If one views the brain in its evolutionary context then the mysterious success of mathematics in the physical sciences is at least partially explained. The brain evolved in order to deal with the physical world, so it should not be too surprising that it has developed a language, mathematics, that is well suited for the purpose. The sceptic can point out that the struggle for survival only requires us to cope with physical phenomena at the human scale, yet mathematical theory appears to deal successfully with all scales from the atomic to the galactic. Perhaps the explan-ation lies in the abstract hierarch-ical nature of mathematics which enables us to move up and down the world scale with comparative ease.
The internal workings of the mathematical mind were well described by Jacques Hadamard who distinguished three stages in attacking a problem: preparation, incubation and illumination. What these correspond to neurologically is a challenging question which generates a lively discussion between Connes and Changeux. Is there, for example, a Darwinian element in the search for successful ideas?
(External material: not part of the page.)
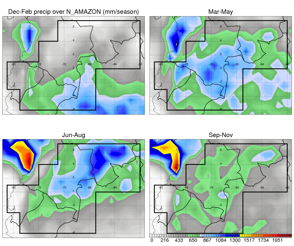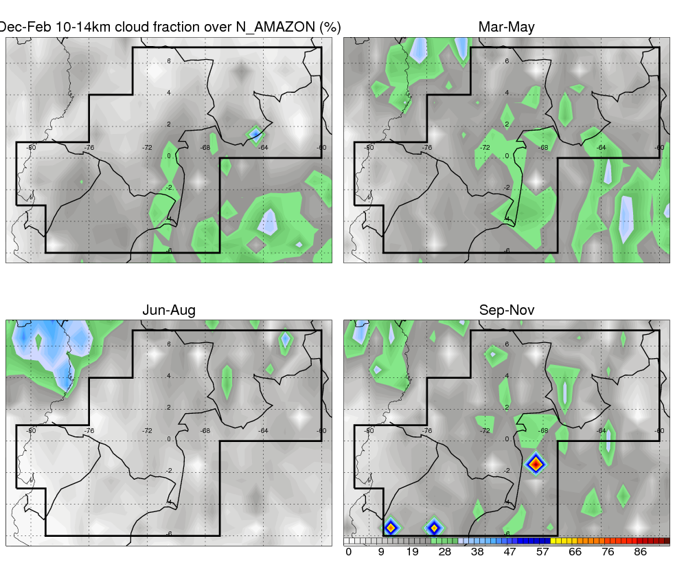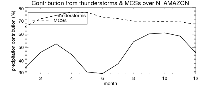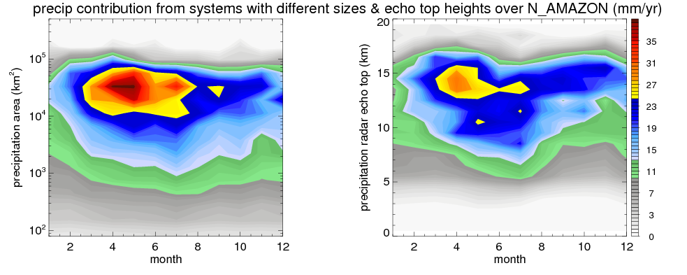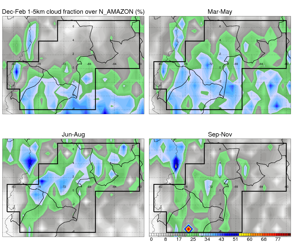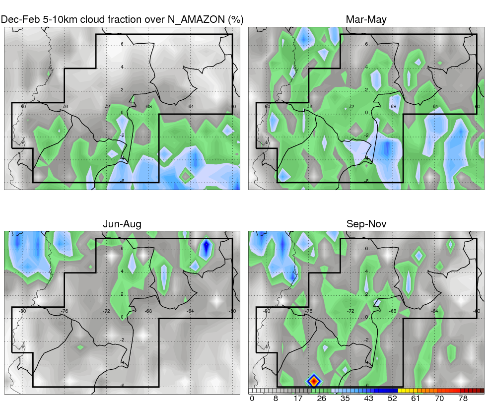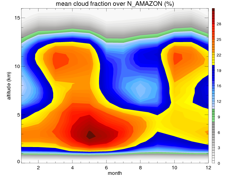 Over N_AMAZON , mean annual precipitation are estimated with 2420.7 (mm/year) from TRMM precipitation radar. (distribution of precipitation see here ) Total surface rainfall is brought by various precipitation systems. The seasonal variation of precipitation from systems with different sizes and heights are shown below: In total, thunderstorms (systems with detected lightning flashes) contribute 45 %, MCSs (Mesoscale convective systems with raining area > 2000 km^2) contribute 71 % of all precipitation. Seasonal variations of fraction of precipitation from thunderstorms and MCSs are shown below: The seasonal variation of geographical distribution of CloudSat cloud fraction over N_AMAZON is shown below: The seasonal variation of mean CloudSat level cloud fraction at different altitudes over N_AMAZON is shown below: |

Henri Poincare argued that the subconscious mind generates random ideas and "illumination" occurs when one of these is selected.
The original Socratic dialogues were artificially constructed to present a coherent view. The dialogue between Connes and Changeux is quite different. It is the recording of real-life arguments where the speakers are frequently at cross-purposes and operate in different planes. For the reader this can be irritating but it also encourages him to become involved and frame his own answers, as I have endeavoured to do!
Sir Michael Atiyah, OM, is president, the Royal Society, and master, Trinity College, Cambridge.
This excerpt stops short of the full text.